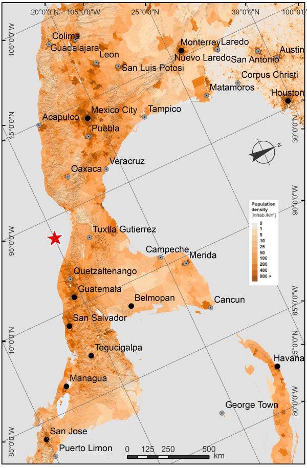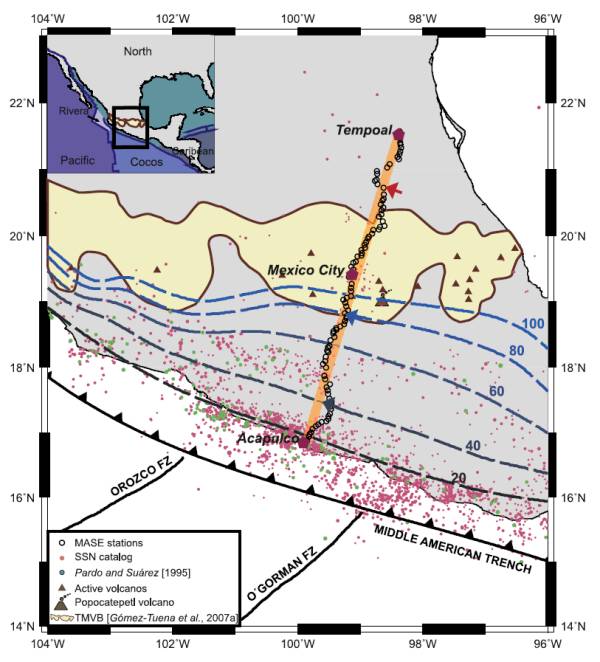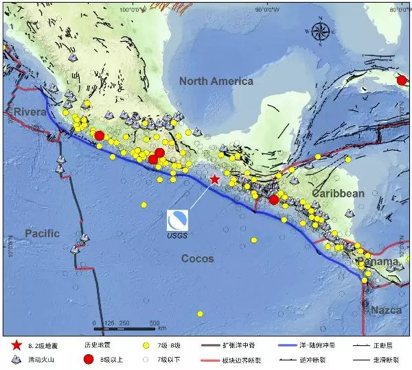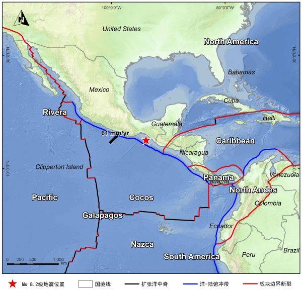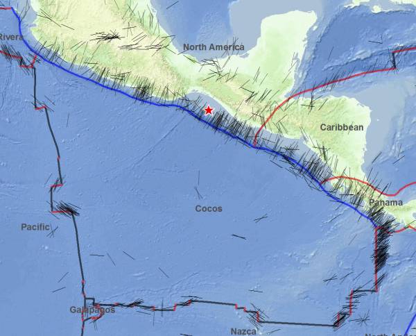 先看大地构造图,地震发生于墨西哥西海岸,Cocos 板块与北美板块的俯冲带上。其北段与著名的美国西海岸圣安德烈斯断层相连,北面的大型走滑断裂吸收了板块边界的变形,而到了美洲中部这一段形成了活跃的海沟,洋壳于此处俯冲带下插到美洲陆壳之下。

...

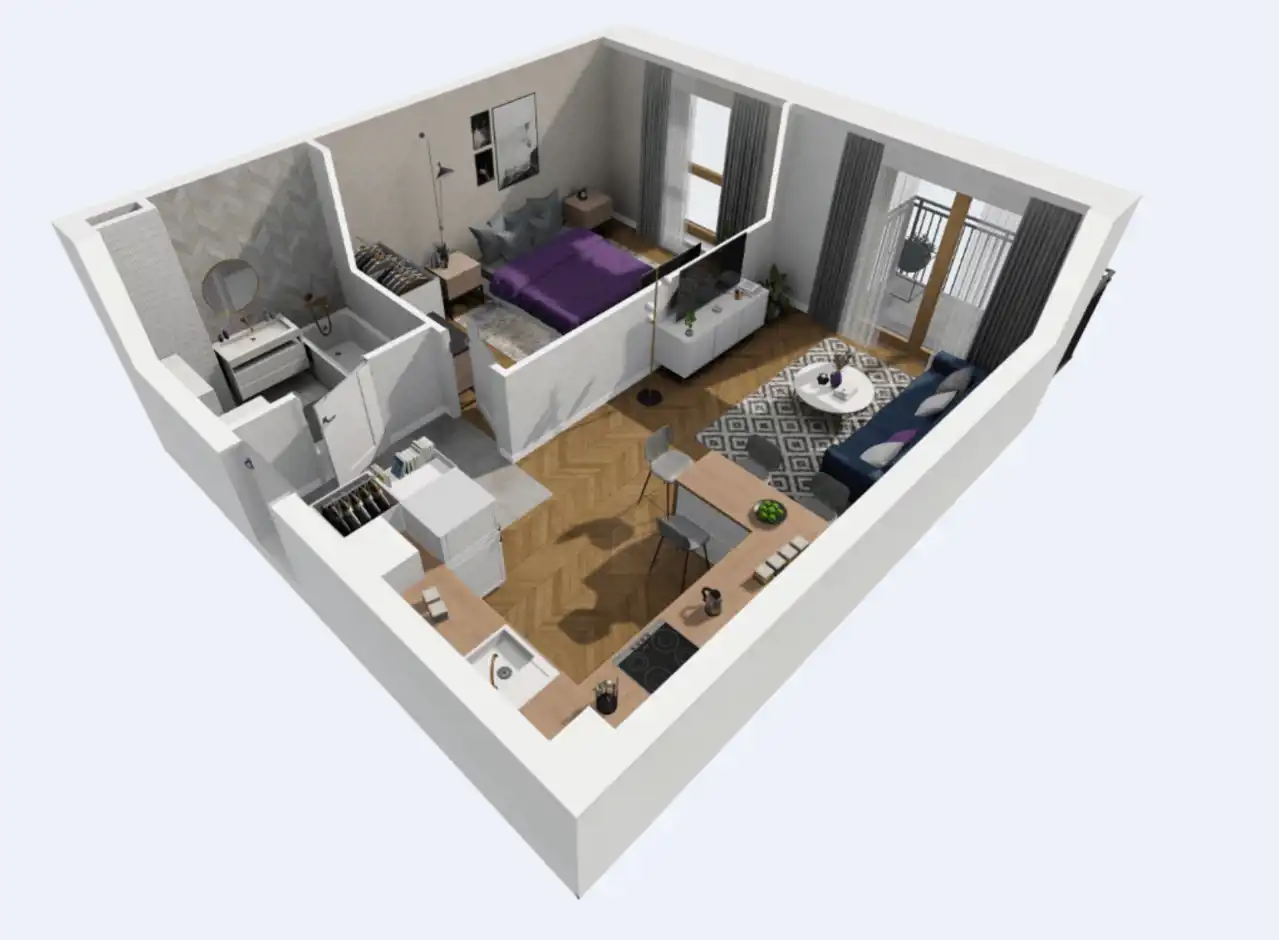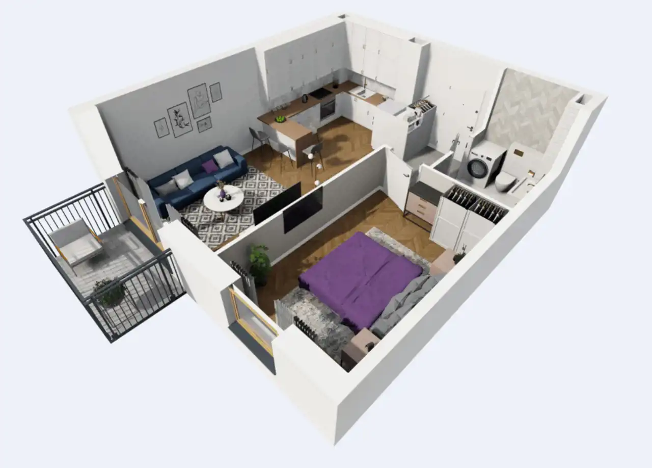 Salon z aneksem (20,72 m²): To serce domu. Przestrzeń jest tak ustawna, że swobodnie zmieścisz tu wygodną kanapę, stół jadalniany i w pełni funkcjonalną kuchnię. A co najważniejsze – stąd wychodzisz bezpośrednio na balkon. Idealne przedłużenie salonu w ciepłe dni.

...

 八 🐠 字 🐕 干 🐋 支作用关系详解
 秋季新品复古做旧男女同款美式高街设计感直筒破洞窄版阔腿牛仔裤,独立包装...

> _TASK STATEMENT_
Output, from the data above, the lines from the line with "八 🐠 字 🐕 干 🐋 支作用关系详解" to the line with "秋季新品复古做旧男女同款美式高街设计感直筒破洞窄版阔腿牛仔裤,独立包装..." exactly as they stand, both ends included and nothing else.

> _WORKED SOLUTION_
 八 🐠 字 🐕 干 🐋 支作用关系详解
 秋季新品复古做旧男女同款美式高街设计感直筒破洞窄版阔腿牛仔裤,独立包装...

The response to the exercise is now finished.